*ASSIGNMENT:* Beneath this line sits some data. Return only its lines from the one holding "(左起)福特六和營銷服務處副" through the one holding "むぎいりごはん すき焼き風煮 和風サラダ 牛乳", inclusive, exactly, with the images removed.

*TASK DATA:*
──────
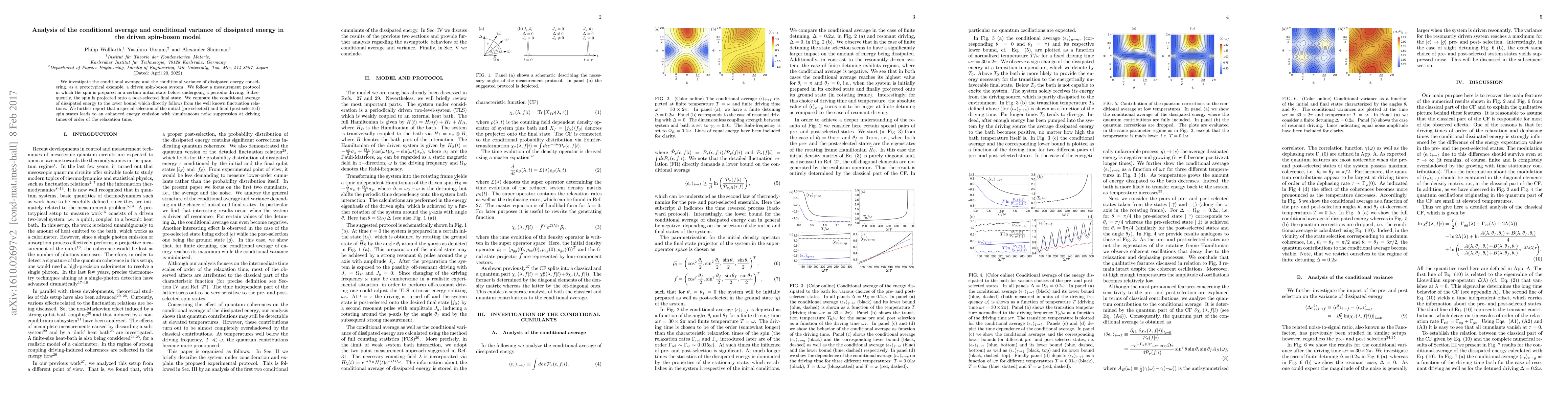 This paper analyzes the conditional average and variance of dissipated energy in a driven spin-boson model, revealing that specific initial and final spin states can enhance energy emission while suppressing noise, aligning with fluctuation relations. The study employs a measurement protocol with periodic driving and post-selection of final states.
──────
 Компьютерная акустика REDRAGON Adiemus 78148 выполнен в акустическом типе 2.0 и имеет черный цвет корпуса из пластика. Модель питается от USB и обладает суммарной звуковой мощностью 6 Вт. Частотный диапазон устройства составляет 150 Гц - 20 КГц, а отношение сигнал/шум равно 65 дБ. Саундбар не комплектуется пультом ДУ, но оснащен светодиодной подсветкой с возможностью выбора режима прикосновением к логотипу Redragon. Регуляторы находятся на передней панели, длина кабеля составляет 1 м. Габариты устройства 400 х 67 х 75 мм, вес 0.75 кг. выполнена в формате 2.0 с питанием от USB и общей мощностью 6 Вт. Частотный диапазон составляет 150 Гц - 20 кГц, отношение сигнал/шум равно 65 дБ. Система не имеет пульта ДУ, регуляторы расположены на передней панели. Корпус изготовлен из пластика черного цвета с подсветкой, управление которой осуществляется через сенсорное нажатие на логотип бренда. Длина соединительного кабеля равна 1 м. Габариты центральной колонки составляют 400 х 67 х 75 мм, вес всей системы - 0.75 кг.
──────
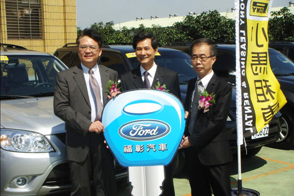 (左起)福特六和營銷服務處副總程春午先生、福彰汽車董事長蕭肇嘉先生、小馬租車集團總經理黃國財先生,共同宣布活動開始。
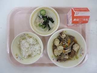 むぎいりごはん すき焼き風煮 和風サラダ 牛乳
──────
*TASK SOLUTION:*
 (左起)福特六和營銷服務處副總程春午先生、福彰汽車董事長蕭肇嘉先生、小馬租車集團總經理黃國財先生,共同宣布活動開始。
 むぎいりごはん すき焼き風煮 和風サラダ 牛乳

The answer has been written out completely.